**REQUIRED ACTION**
Print the lines in the listing below that fall between the line with "原文发送于昨日晚间。8日为淳" and the line with "Металик 215775 фото", those two lines included, exactly as they stand and with nothing else.

**MATERIAL SUPPLIED**
====================

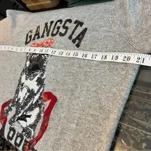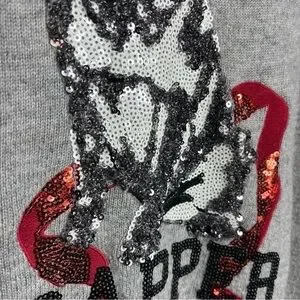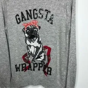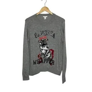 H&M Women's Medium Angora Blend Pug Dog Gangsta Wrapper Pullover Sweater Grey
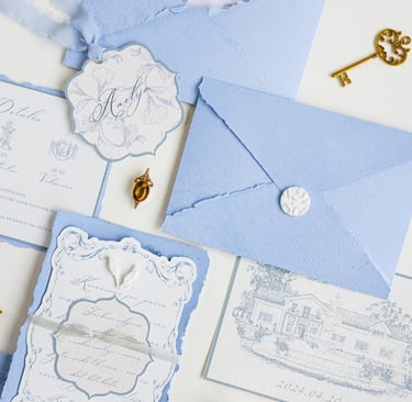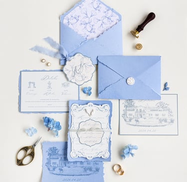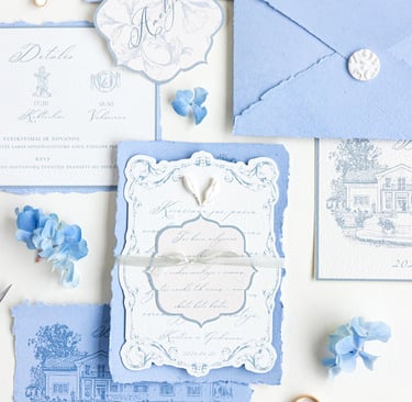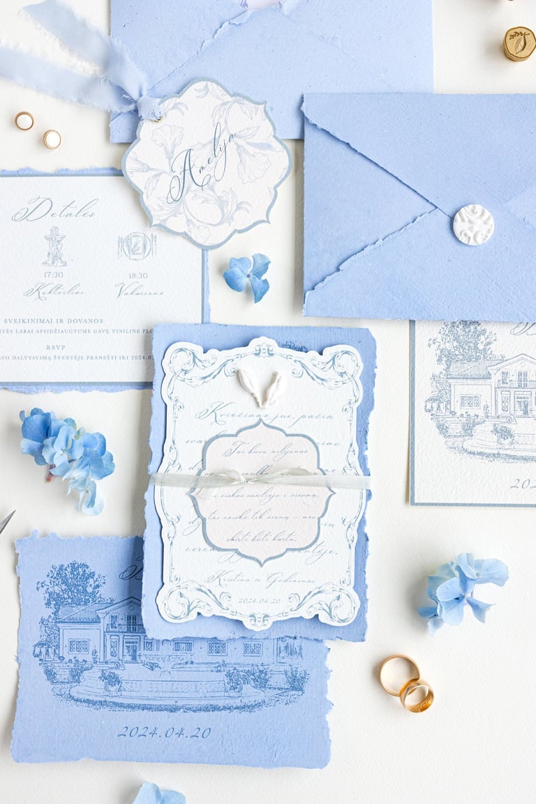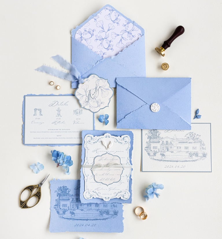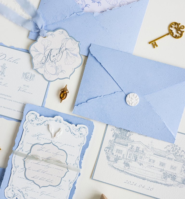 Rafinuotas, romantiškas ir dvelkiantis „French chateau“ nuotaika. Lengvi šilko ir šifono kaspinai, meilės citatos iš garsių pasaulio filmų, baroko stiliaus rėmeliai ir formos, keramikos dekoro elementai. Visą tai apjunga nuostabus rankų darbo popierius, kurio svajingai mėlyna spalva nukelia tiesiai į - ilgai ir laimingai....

====================

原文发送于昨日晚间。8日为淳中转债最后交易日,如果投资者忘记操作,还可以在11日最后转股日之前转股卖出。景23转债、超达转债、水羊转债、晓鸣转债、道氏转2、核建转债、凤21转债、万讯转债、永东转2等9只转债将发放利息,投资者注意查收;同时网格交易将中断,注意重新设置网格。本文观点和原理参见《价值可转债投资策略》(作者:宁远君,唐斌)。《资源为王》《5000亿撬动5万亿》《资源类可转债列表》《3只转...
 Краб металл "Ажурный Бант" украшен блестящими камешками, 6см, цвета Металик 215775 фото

====================

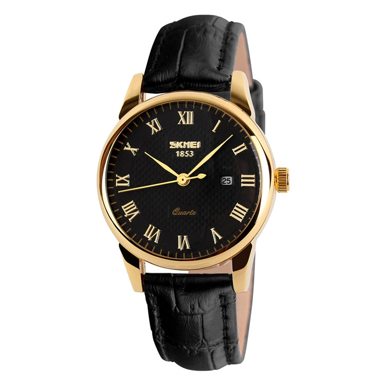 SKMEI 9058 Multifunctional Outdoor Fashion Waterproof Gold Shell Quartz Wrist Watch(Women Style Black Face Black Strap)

====================

**ANSWER FOR THIS EXERCISE**
原文发送于昨日晚间。8日为淳中转债最后交易日,如果投资者忘记操作,还可以在11日最后转股日之前转股卖出。景23转债、超达转债、水羊转债、晓鸣转债、道氏转2、核建转债、凤21转债、万讯转债、永东转2等9只转债将发放利息,投资者注意查收;同时网格交易将中断,注意重新设置网格。本文观点和原理参见《价值可转债投资策略》(作者:宁远君,唐斌)。《资源为王》《5000亿撬动5万亿》《资源类可转债列表》《3只转...
 Краб металл "Ажурный Бант" украшен блестящими камешками, 6см, цвета Металик 215775 фото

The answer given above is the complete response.